● **Problem details**
Transcribe only the lines in the data below falling between the line with "太阳对位上的吃亏,其实不止防" and the line with "邁上新征程,黑龍江正處于政策", including those two lines, and leave out any picture.

● **Data for the task**
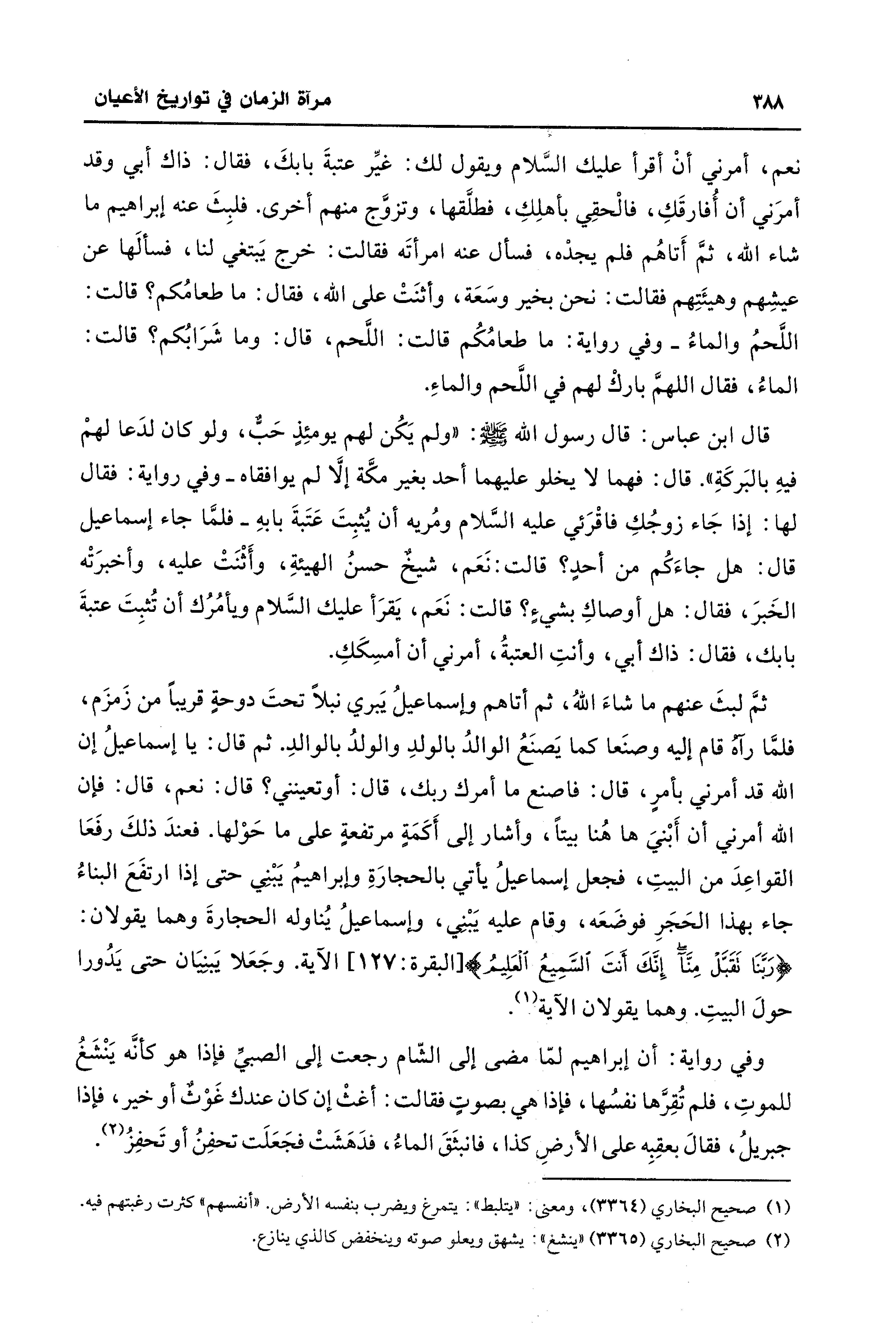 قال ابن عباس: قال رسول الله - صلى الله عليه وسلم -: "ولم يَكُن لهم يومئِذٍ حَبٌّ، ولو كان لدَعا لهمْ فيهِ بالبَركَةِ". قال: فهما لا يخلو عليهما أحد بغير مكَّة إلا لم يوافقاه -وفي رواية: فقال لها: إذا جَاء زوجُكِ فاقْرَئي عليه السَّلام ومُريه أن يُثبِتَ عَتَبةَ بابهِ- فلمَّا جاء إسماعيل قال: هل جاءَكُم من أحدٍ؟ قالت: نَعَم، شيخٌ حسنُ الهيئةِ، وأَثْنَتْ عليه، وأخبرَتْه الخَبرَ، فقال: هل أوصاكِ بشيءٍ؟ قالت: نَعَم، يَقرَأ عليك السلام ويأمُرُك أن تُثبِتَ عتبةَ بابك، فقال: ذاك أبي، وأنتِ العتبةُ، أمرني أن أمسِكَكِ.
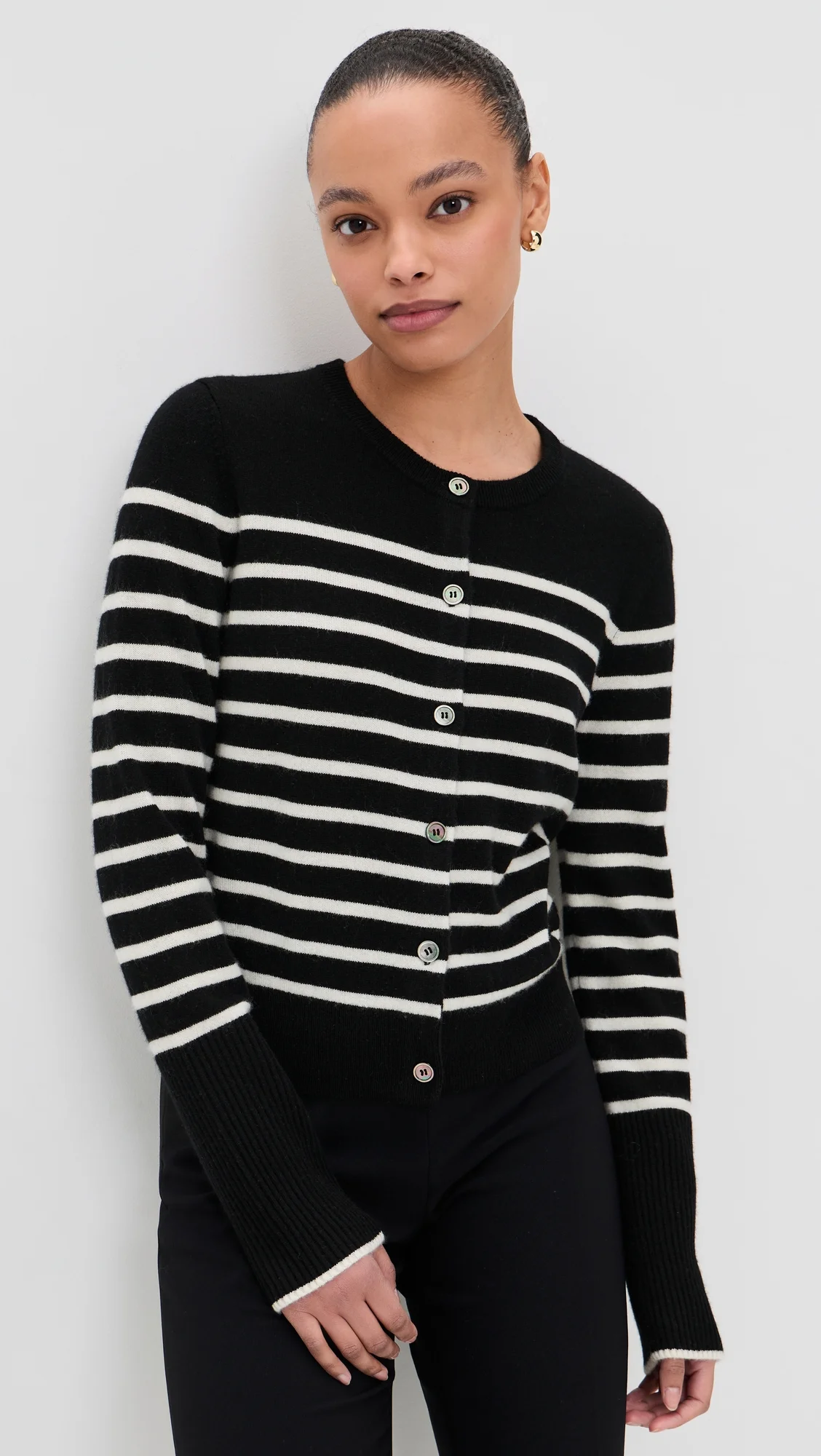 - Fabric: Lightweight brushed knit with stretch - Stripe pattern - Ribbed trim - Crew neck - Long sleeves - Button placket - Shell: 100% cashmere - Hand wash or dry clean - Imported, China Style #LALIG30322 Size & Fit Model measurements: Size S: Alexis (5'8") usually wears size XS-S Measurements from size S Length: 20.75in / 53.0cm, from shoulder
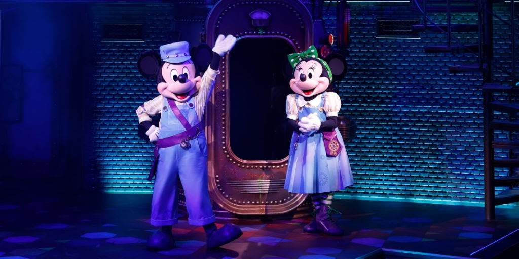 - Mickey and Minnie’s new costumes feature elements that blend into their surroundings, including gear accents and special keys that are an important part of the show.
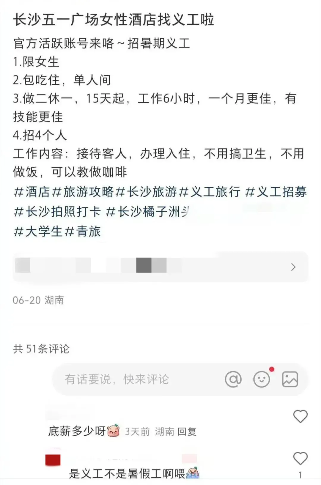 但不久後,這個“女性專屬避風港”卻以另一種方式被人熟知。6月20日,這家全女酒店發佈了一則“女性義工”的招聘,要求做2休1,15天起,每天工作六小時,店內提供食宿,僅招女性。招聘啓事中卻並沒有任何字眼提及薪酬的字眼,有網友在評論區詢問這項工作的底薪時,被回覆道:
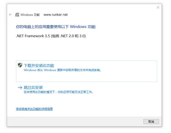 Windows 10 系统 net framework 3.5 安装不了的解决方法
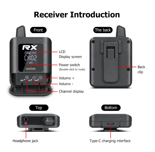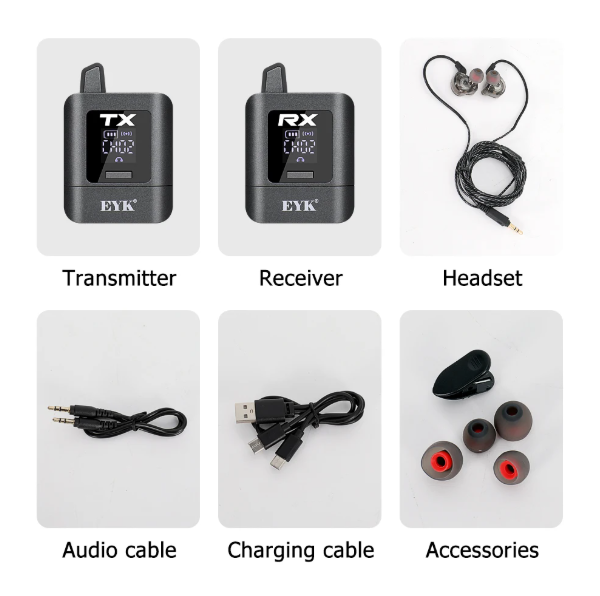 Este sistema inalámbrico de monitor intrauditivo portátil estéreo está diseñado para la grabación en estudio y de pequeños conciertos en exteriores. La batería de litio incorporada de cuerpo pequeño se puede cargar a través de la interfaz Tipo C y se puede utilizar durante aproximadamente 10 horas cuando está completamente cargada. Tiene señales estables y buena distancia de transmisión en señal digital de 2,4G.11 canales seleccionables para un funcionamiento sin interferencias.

--

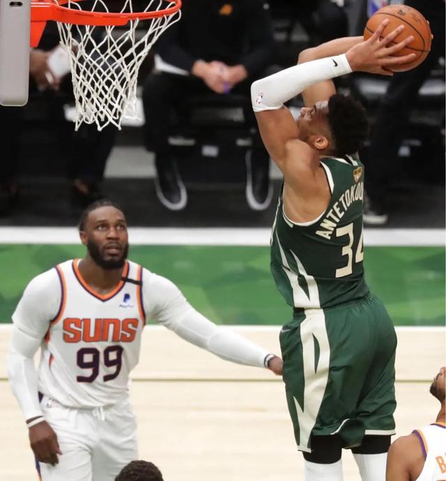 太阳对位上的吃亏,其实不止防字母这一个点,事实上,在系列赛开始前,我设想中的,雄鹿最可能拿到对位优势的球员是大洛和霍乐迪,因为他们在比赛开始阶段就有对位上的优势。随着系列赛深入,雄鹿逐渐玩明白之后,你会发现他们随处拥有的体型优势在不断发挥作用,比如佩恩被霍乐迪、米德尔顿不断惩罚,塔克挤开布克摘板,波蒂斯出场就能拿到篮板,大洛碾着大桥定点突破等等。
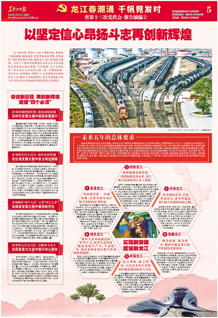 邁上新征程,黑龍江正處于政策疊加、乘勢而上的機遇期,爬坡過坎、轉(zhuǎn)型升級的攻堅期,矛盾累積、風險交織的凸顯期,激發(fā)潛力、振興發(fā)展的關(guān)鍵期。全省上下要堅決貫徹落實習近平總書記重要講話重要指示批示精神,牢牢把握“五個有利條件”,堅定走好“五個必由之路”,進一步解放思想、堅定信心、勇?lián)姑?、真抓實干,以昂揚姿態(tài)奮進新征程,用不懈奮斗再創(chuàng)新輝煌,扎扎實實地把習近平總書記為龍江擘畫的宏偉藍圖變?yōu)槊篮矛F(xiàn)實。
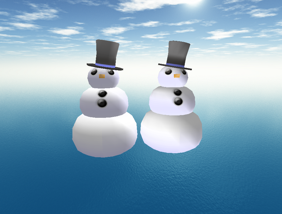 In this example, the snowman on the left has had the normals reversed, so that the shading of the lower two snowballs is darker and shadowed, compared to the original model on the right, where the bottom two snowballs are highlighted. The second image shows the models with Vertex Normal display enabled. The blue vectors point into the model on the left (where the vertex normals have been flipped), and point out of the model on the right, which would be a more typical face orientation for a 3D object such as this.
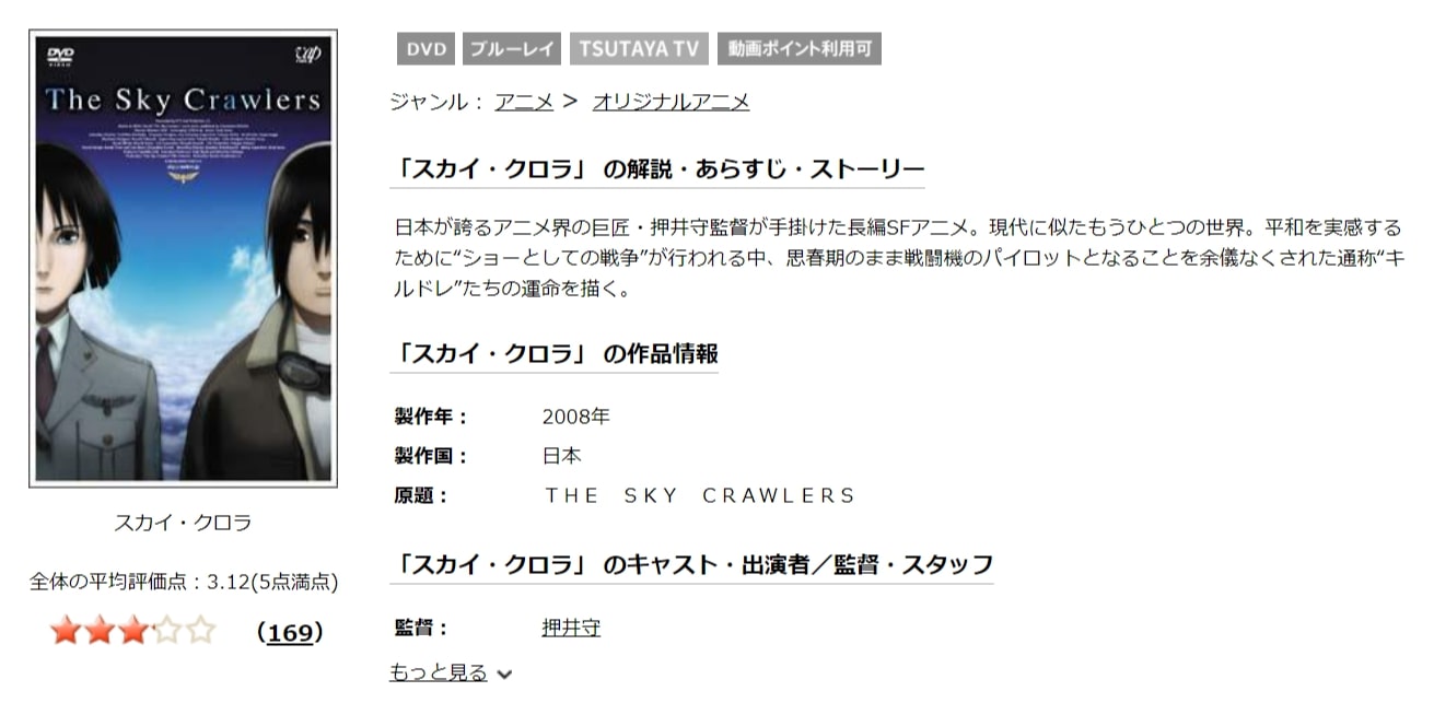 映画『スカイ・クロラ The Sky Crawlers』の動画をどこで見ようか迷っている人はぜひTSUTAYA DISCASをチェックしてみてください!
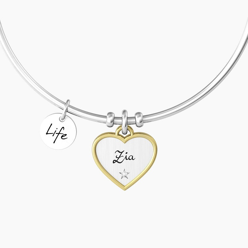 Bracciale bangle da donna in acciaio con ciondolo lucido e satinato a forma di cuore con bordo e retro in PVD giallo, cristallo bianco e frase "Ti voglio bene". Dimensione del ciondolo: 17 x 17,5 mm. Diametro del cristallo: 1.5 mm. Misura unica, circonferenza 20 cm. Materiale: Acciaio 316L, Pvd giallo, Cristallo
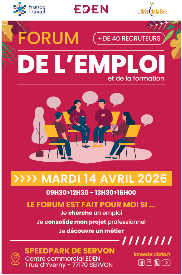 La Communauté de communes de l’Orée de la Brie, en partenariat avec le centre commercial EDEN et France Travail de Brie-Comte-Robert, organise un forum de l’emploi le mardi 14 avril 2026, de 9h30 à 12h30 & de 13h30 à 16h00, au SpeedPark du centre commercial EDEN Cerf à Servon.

● **Written answer**
 太阳对位上的吃亏,其实不止防字母这一个点,事实上,在系列赛开始前,我设想中的,雄鹿最可能拿到对位优势的球员是大洛和霍乐迪,因为他们在比赛开始阶段就有对位上的优势。随着系列赛深入,雄鹿逐渐玩明白之后,你会发现他们随处拥有的体型优势在不断发挥作用,比如佩恩被霍乐迪、米德尔顿不断惩罚,塔克挤开布克摘板,波蒂斯出场就能拿到篮板,大洛碾着大桥定点突破等等。
 邁上新征程,黑龍江正處于政策疊加、乘勢而上的機遇期,爬坡過坎、轉(zhuǎn)型升級的攻堅期,矛盾累積、風險交織的凸顯期,激發(fā)潛力、振興發(fā)展的關(guān)鍵期。全省上下要堅決貫徹落實習近平總書記重要講話重要指示批示精神,牢牢把握“五個有利條件”,堅定走好“五個必由之路”,進一步解放思想、堅定信心、勇?lián)姑?、真抓實干,以昂揚姿態(tài)奮進新征程,用不懈奮斗再創(chuàng)新輝煌,扎扎實實地把習近平總書記為龍江擘畫的宏偉藍圖變?yōu)槊篮矛F(xiàn)實。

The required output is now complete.